> [Entries taken from a collection]
○ ○ ○
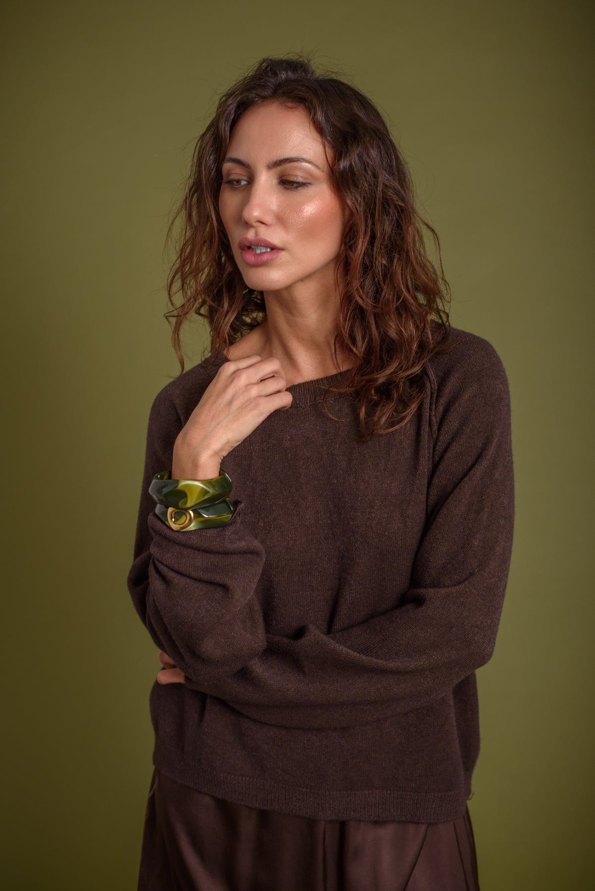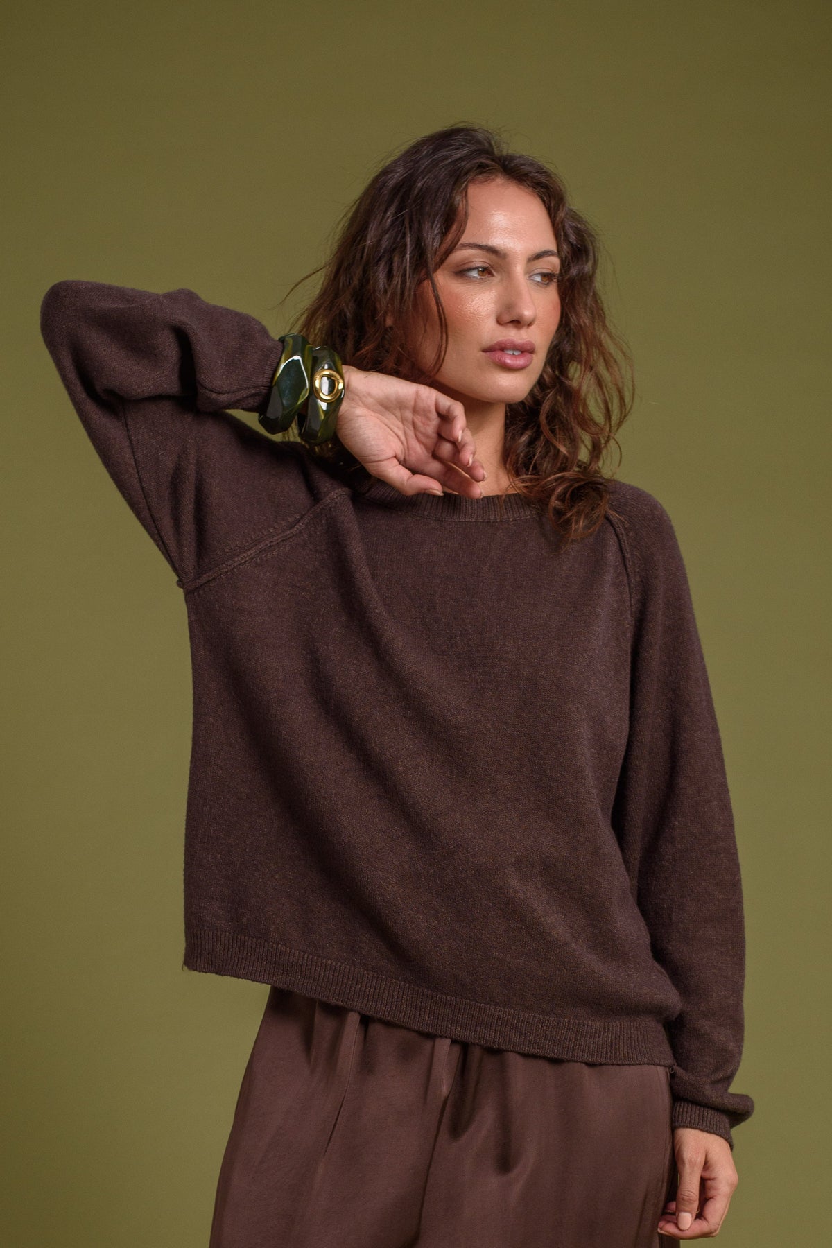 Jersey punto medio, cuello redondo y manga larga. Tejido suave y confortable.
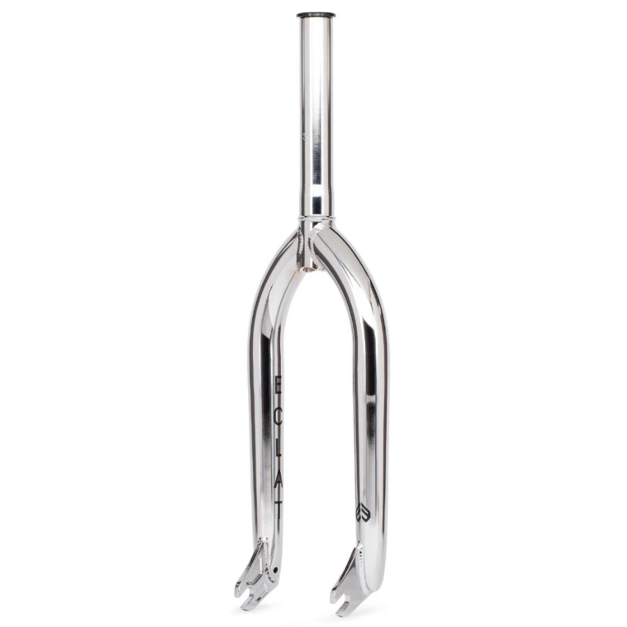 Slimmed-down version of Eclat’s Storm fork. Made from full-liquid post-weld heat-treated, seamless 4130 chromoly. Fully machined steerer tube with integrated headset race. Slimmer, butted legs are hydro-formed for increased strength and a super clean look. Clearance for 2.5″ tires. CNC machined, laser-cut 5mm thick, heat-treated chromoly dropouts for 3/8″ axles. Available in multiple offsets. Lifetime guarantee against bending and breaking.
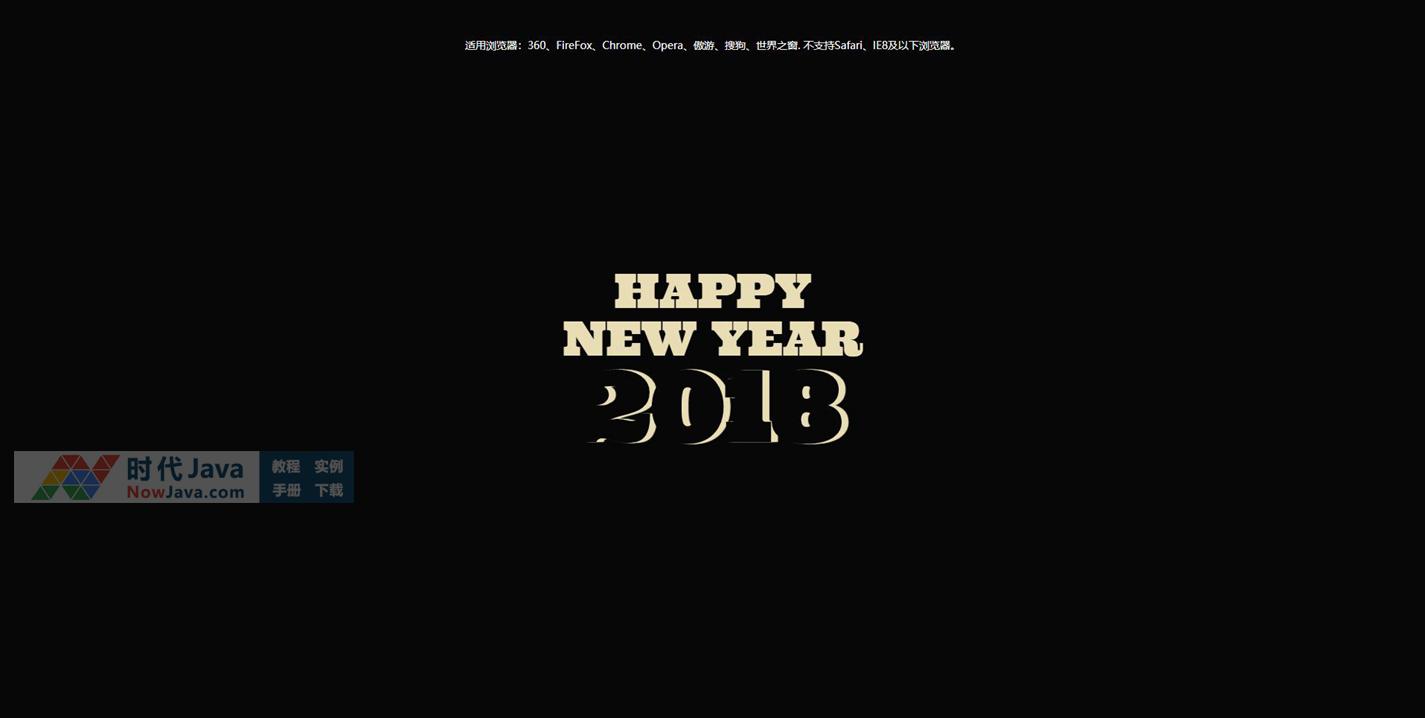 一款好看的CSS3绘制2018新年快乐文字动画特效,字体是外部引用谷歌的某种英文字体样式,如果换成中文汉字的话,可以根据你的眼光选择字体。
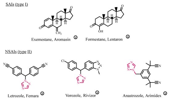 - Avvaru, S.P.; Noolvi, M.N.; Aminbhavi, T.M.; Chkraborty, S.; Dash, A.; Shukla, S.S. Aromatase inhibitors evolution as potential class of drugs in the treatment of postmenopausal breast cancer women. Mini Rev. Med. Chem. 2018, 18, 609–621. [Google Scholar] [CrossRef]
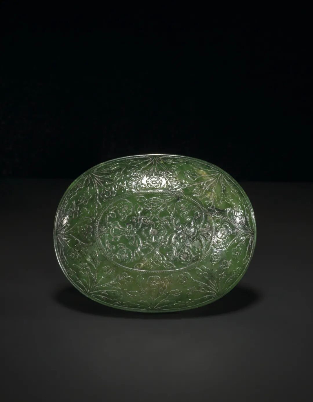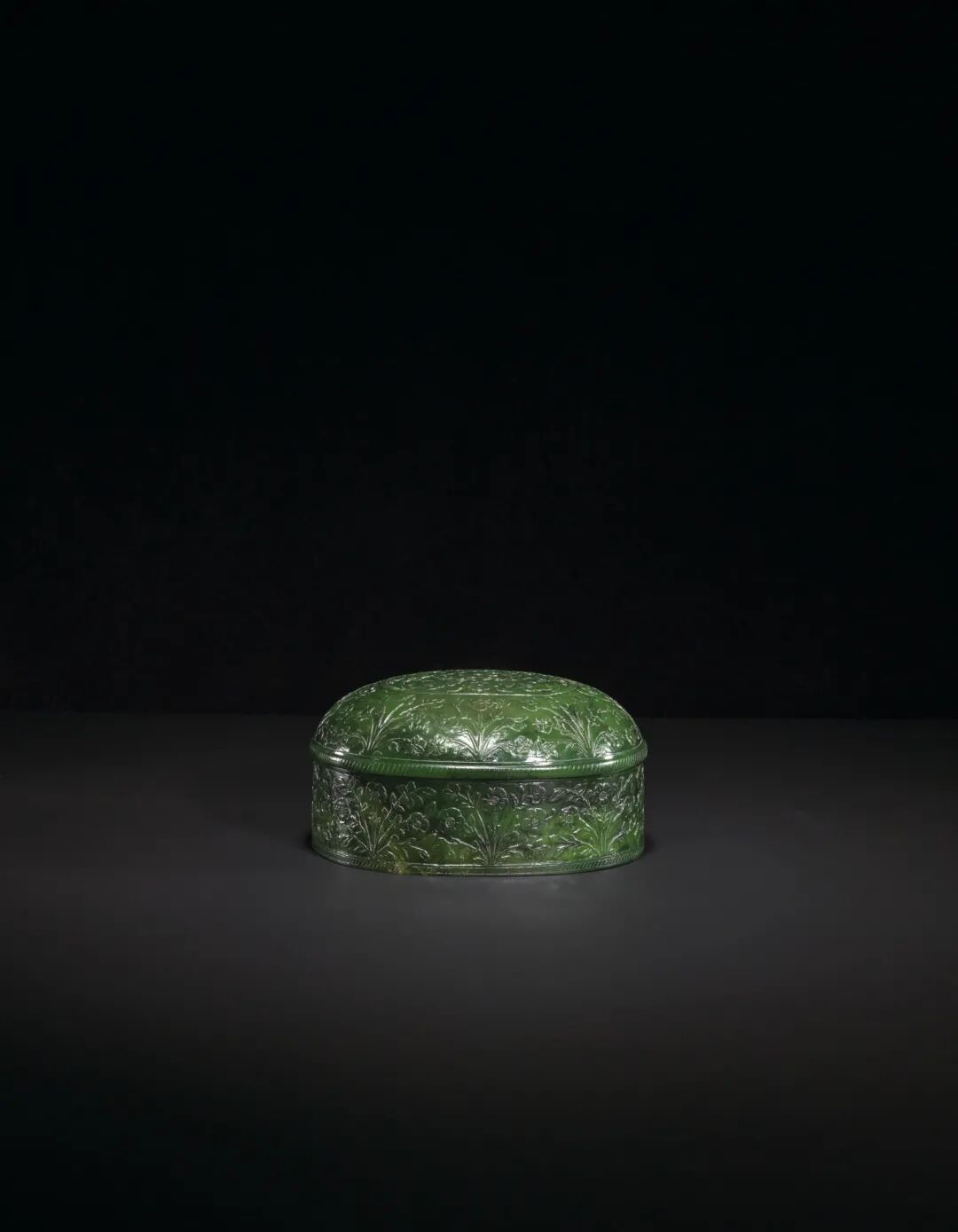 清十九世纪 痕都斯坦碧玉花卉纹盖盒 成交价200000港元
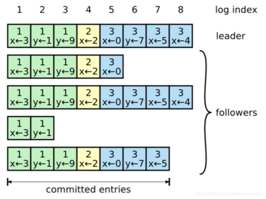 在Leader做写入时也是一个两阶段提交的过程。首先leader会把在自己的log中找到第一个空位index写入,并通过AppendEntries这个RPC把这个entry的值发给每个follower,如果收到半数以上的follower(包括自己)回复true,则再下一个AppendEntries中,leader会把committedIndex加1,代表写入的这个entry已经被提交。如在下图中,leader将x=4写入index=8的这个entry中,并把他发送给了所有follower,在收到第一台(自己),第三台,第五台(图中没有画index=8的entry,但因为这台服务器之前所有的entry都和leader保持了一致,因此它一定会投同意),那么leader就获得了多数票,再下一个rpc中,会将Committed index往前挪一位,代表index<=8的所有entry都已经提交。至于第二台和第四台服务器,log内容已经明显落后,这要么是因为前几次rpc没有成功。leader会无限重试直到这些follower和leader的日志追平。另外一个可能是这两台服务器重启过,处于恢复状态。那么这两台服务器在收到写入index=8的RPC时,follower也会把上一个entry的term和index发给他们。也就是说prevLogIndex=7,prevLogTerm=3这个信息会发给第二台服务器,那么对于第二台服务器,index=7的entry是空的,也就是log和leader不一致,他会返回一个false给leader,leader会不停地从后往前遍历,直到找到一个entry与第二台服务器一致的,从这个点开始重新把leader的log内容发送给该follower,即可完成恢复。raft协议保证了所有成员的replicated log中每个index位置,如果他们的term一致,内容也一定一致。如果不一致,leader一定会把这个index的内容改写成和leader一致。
○ ○ ○
Nothing but the lines from the one that contains "清十九世纪 痕都斯坦碧玉花卉纹盖盒 成交价200000港元" through the last line of the records belongs in the answer, reproduced exactly, with no pictures.

 清十九世纪 痕都斯坦碧玉花卉纹盖盒 成交价200000港元
 在Leader做写入时也是一个两阶段提交的过程。首先leader会把在自己的log中找到第一个空位index写入,并通过AppendEntries这个RPC把这个entry的值发给每个follower,如果收到半数以上的follower(包括自己)回复true,则再下一个AppendEntries中,leader会把committedIndex加1,代表写入的这个entry已经被提交。如在下图中,leader将x=4写入index=8的这个entry中,并把他发送给了所有follower,在收到第一台(自己),第三台,第五台(图中没有画index=8的entry,但因为这台服务器之前所有的entry都和leader保持了一致,因此它一定会投同意),那么leader就获得了多数票,再下一个rpc中,会将Committed index往前挪一位,代表index<=8的所有entry都已经提交。至于第二台和第四台服务器,log内容已经明显落后,这要么是因为前几次rpc没有成功。leader会无限重试直到这些follower和leader的日志追平。另外一个可能是这两台服务器重启过,处于恢复状态。那么这两台服务器在收到写入index=8的RPC时,follower也会把上一个entry的term和index发给他们。也就是说prevLogIndex=7,prevLogTerm=3这个信息会发给第二台服务器,那么对于第二台服务器,index=7的entry是空的,也就是log和leader不一致,他会返回一个false给leader,leader会不停地从后往前遍历,直到找到一个entry与第二台服务器一致的,从这个点开始重新把leader的log内容发送给该follower,即可完成恢复。raft协议保证了所有成员的replicated log中每个index位置,如果他们的term一致,内容也一定一致。如果不一致,leader一定会把这个index的内容改写成和leader一致。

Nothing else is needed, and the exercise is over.